Inside the kcbgtcr function, kcbzgsf (kernel cache buffers helper functions test state object fast) is called, and after that, the state object is pinned to the block in kcbz_fp_cr (kernel cache buffers helper functions fast pin for consistent read). Do you see the absence of ksl_get_shared_latch function to serialise access to add this pin? Actually the cache buffers chains latch is gotten, but it’s done inside the kcbgtcr function. The latch is gotten before the ktrexf (kernel transaction redo examine block fast) in shared mode, and the latch is released after the kcbz_fp_cr function. Multiple processes can pin the block for consistent read without serialisation or blocking each other because of the cache buffers chains latch being a shared latch, and this latch is taken in shared mode.

Why do I show this?
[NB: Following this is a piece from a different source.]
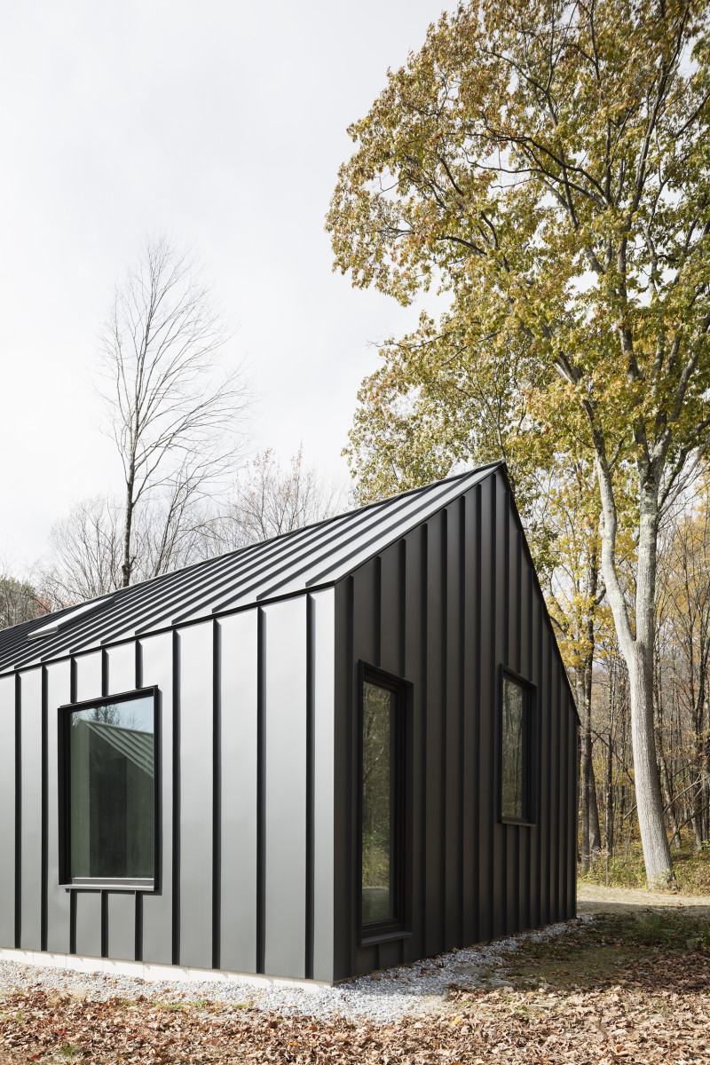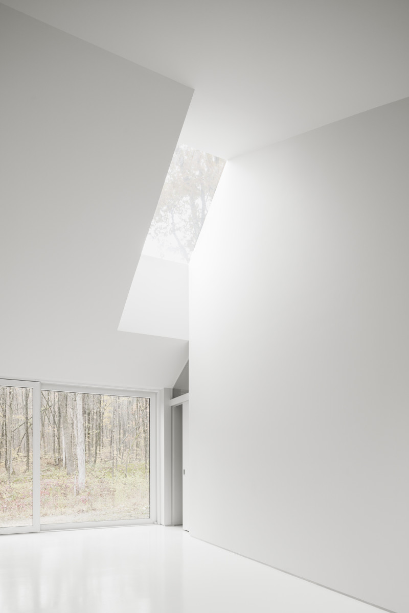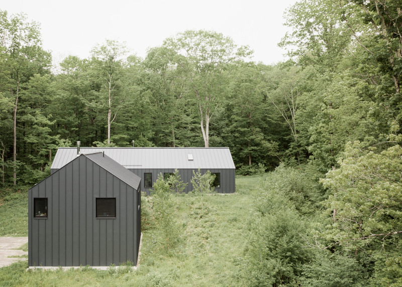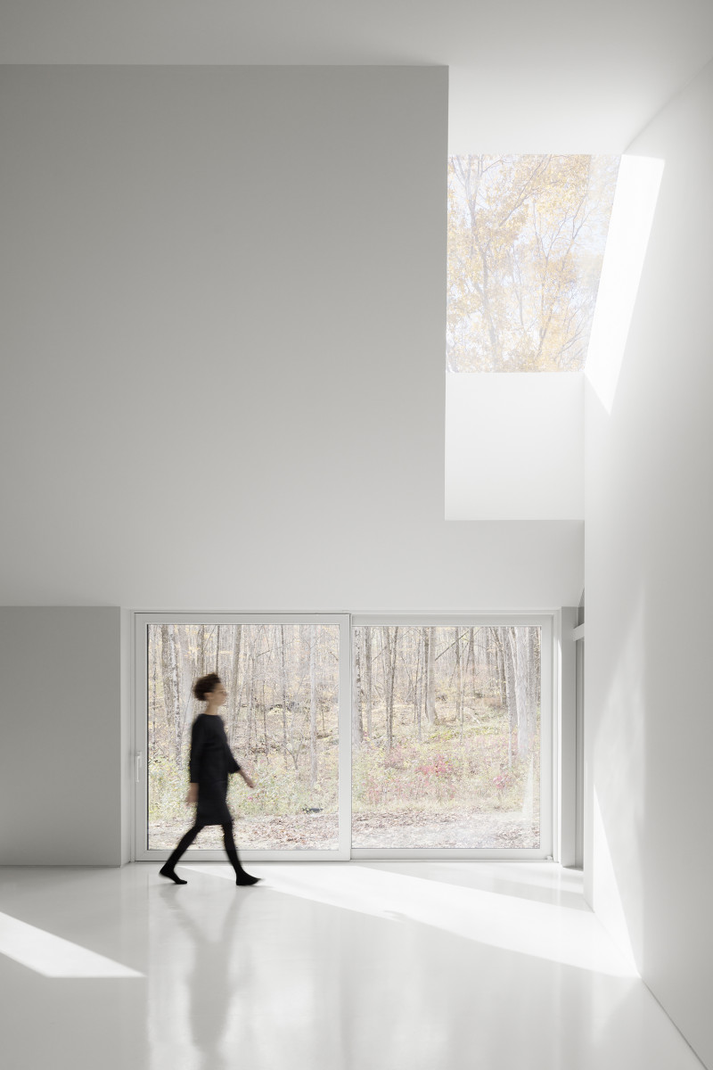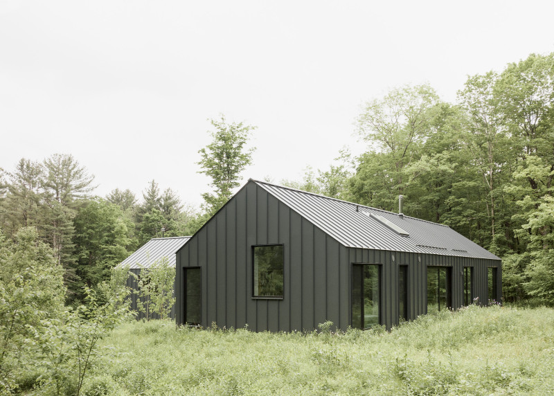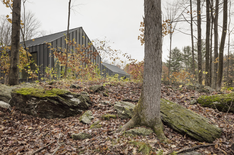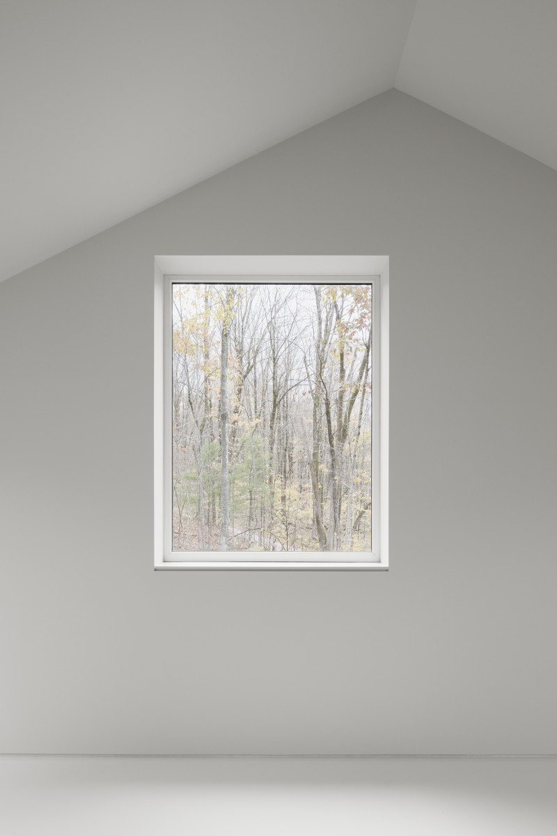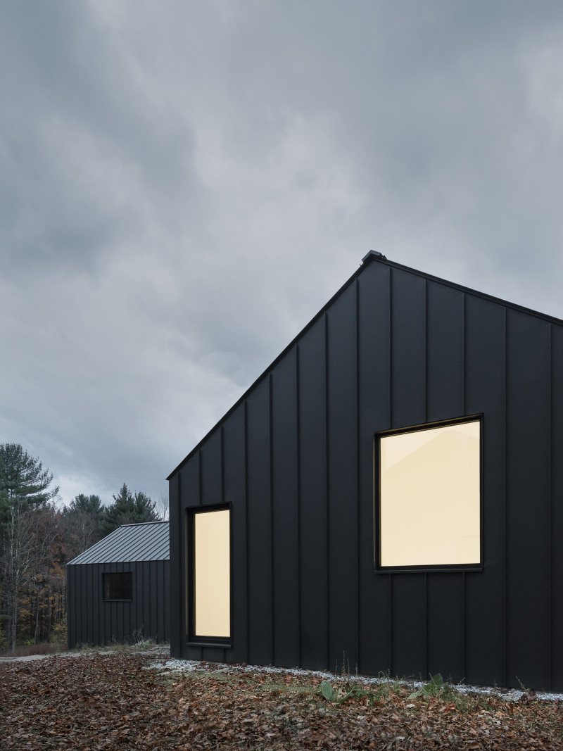 Located on a woodland site in western Massachusetts, House FOUR is a 2,400 sq.ft. [223 sq.m.] single-level residence accompanied by a detached two-story studio and garage building. Designed in response to the site’s topography and natural surroundings, the house is organized as a series of flowing domestic spaces anchored by two central functional volumes. These volumes present themselves as compact architectural objects within the larger spatial field of the house and work in tandem with two skylights to introduce the dynamic of natural light—one in the kitchen and the other in the main living area—creating sculptural focal points in the interior experience.

Well, in the “old” days, which is Oracle 8.1, Oracle did not use shared latches (at least on the platforms I worked on, but if my memory serves me right, shared latches were introduced starting from Oracle 9), which meant for any logical read the cache buffers chains latch had to be obtained. This could get painful for very frequently visited blocks, like index root blocks, and high concurrency, and additional to that, because there was no post/wait messaging for latch waits but only spinning, this meant lots of processes waiting for latch number 98, and CPU usage going through the roof.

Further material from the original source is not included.